X'masには花を抱えて

         作詞 椎名恵 作曲 椎名恵 編曲 戸塚修
解説 椎名恵さんの8thアルバム『Because of the rain』の3曲目に収録。エム・アンド・アイ住販CMのイメージソングでもあるが、ダンエモンは未確認。
 クリスマスと言えば道場主は1999年のクリスマスに東京での椎名さんのライブに参加し、当然の様にそこにはこの曲を求める声があったが、演奏者用の楽譜が用意されておらず見送られた、残念である(苦笑)。
 歌詞の内容は、クリスマスとなるとすぐにイチャイチャやHに走る世間の馬鹿ップルどもに聞かせてやりたいぐらい落ち着いた雰囲気の見るほう聞く方も嬉しくなって来る様な理想的な恋人同士の時を醸し出してくれている。
 流れを見ると「予約したBayside Hotel」「いつになくオシャレをして」と言った歌詞から、主人公と「あなた」が前々から企画していた上に、「こんなふうに過ごせること ずっと前から夢見てたの」とある様に非常に楽しみにしていた様子が伺える。
 クリスマスデートの流れはホテルを予約しての食事に始まり、その後の星(天候によっては雪)の空を愛で、愛を語り合う、というもので、歌詞の所々に見られる二人のときを満喫する様―「顔を寄せて二人だけの 秘密ささやき合うの」「誰からも気づかれずに そっと手をつなぎましょう」といった控えめな歌詞は全くいやらしさを感じさせず、それでいて二人でいる時間が本当に嬉しい事を表していて実に心地いい。
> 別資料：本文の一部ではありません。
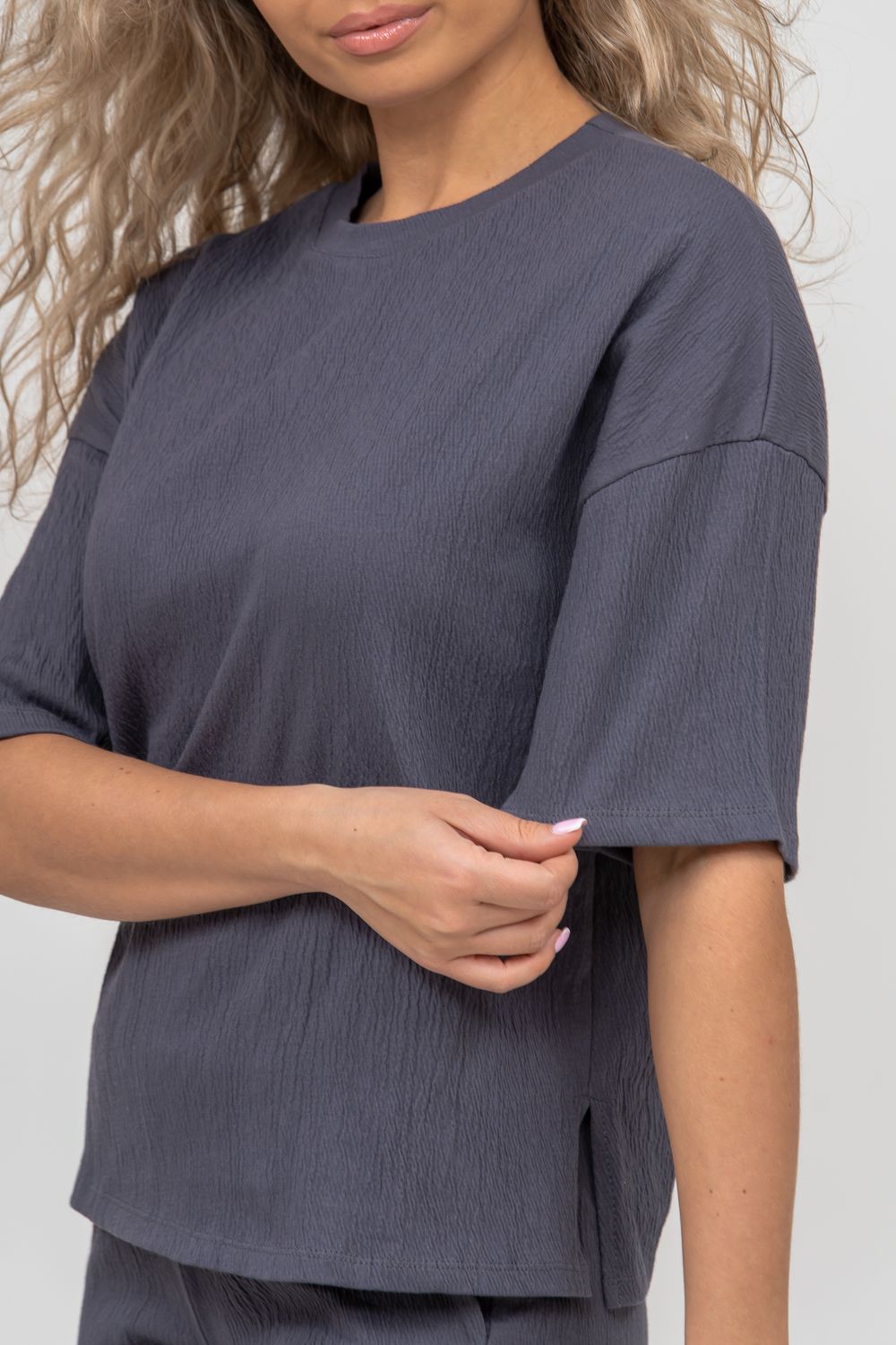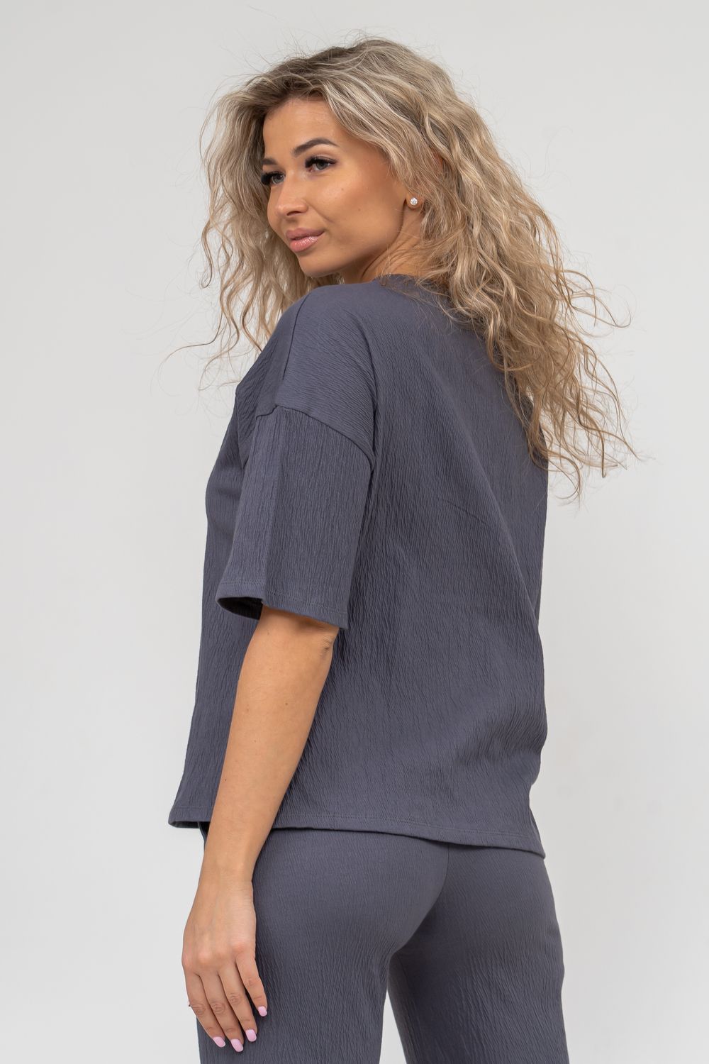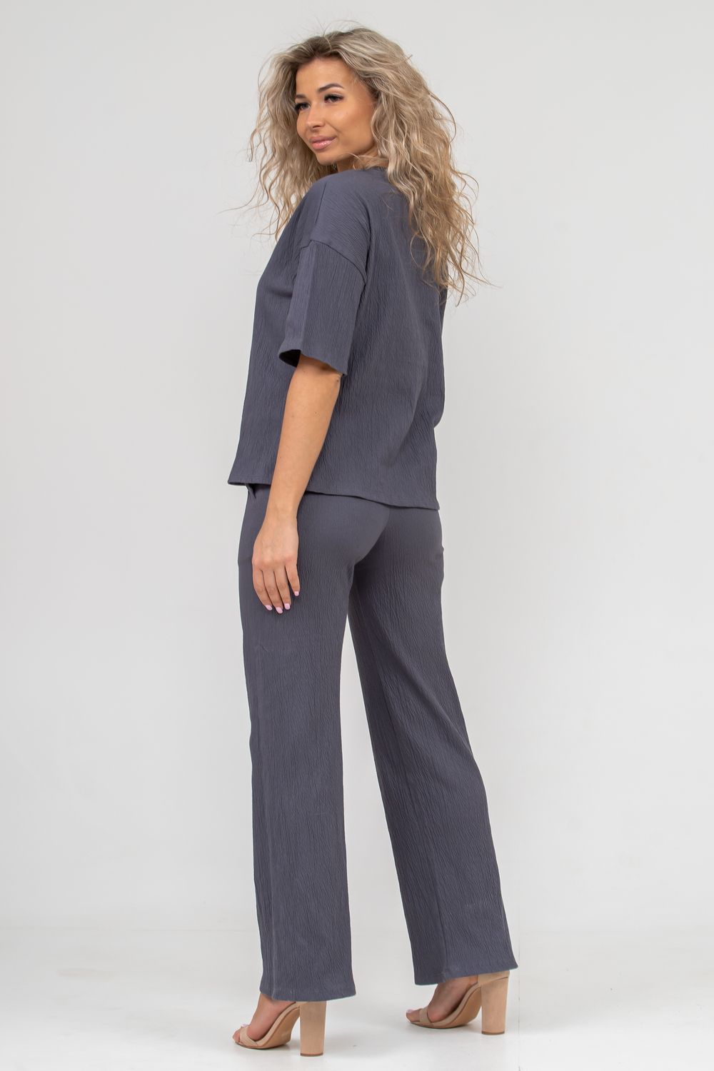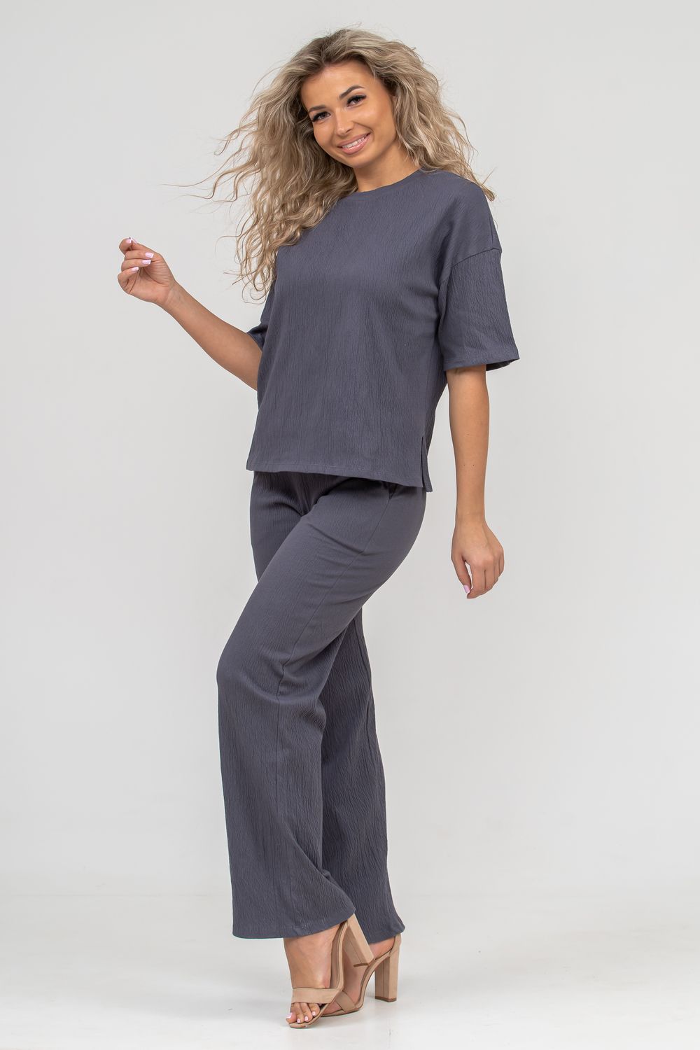 Модный стильный костюм - идеальное решение для тех, кто ищет лёгкую и красивую одежду на каждый день. Костюм, футболка и брюки, выполнен из кулирки гипе жатка компакт. Жатка - это ткань с "мятой" структурой, декоративными заломами и складками. Имеет много положительных качеств: хорошо тянется, упругая, красивая текстура, неприхотливая в уходе, прочная, износостойкая, не мнётся, не нуждается в глажке и приятная к телу. Футболка выполнена со спущенным рукавом, отстроченной обтачкой по горловине и двумя небольшими разрезами по бокам. На брюках имеется два вместительных боковых кармана и пояс, обработанный на специализированной поясной машине. Данная модель костюма очень удобна в качестве повседневной одежды, а универсальный фасон хорошо скроет недостатки и подчеркнет достоинства фигуры. Свободный крой комплекта "двойки" не сковывает движения, что делает его очень удобным в носке, резинка не перекручивается, а высокая посадка брюк - палаццо даёт ощущение комфорта. Такой костюм можно использовать как в качестве костюма для фитнеса, так и как вариант домашнего костюма, в нем также можно поехать на дачу или отправиться на вечернюю прогулку. Однотонный дизайн летнего брючного костюма без принта, надписей и декоративных элементов будет гармонировать с любым стилем одежды, а дополнить образ с модным костюмчиком можно любимыми аксессуарами и украшениями. Свободную футболку и брючки можно носить как вместе, так и отдельно. Футболку с коротким рукавом и разрезами по бокам можно легко сочетать с джинсами, юбками и шортами. К брюкам с карманами можно также подобрать любой верх. Образ с костюмом можно дополнить кроссовками, кедами или туфлями. Мягкий, прочный, хлопковый материал не дает усадку, не теряет форму после стирки и не линяет, его можно стирать в режиме бережной стирки при 30 градусах. Также данный трикотажный костюм не скатывается и не вытягивается за счет небольшого количества полиэстера в составе. Такой однотонный костюм с широкими брюками подойдет для разной возрастной категории. Он идеально подойдет для беременных и мам с детьми. Хорошо сядет на высоких и невысоких представительницах прекрасного пола всех возрастов. Такой универсальный прогулочный женский костюм станет отличным подарочным вариантом, его можно подарить маме, дочери, жене, бабушке, подруге или порадовать себя любимую даже без повода. Наш костюм благодаря своей практичности и лаконичному дизайну будет служить Вам долгие годы.

くどいが世間の馬鹿ップルどもには見習って欲しい。
 別の視点から見てみたいが、歌詞の中に「去年のクリスマス ひとり星を眺めてた」「今までクリスマス そんなに好きじゃなかったわ」とあるが、これは共に過ごす人がいなかったからだろう。毎年クリスマスを楽しみにする人もいれば、辛い思いをする人もまた多い(苦笑)。
 ダンエモンは仏教徒だから他宗のお偉いさんの誕生日に特別な関心はなく、クリスマス・イブより花祭りの日の方が大切なのだが、「彼女のいないことの言い訳だろ?」とか、「辛いよねぇ、独り者は・・・」とか「無理すんなよ、早く彼女作って、クリスマスにいちゃつけばいいじゃないか。」という丸で自分で意図しない愚痴を周囲が勝手に捏造してしまう日本のクリスマスのシステムには毎年開いた口がふさがらない思いをしている。ちなみにインフルエンザで寝込んだ社会人一年目を除いてダンエモンは毎年クリスマスは働いている。
 そんなダンエモンにとって、1999年のクリスマスがいかに嬉しいものであったかが御理解頂けると思う(笑)。まさか生まれて初めての椎名ライブでいきなり椎名さんと会話が出来るとは思っていなかった……。
 ところで、この曲を初めて知ったとき、道場主はクリスマスにおける「花束」の存在意義を知らなかった。大黒摩季さんの「BLUE CHRISTMAS」を知ってからポインセチアの花がクリスマスを彩る代表的な花であることを知った。この「花束」の中身もポインセチアだろうか?
 そしてこの「花束」を始め、「シャンパン」「Bayside Hotel」「いつになくオシャレ」「夜遅く雪」と主人公の心弾ます要素は多数あるが、全ては副次的なものだろう。愛しい人との時間はこれらの楽しさを何倍にも高めるのだろう。今現在全くアテはないが、ダンエモンもクリスマスに限らず、この曲の様な「大人の夜に乾杯」したいものである。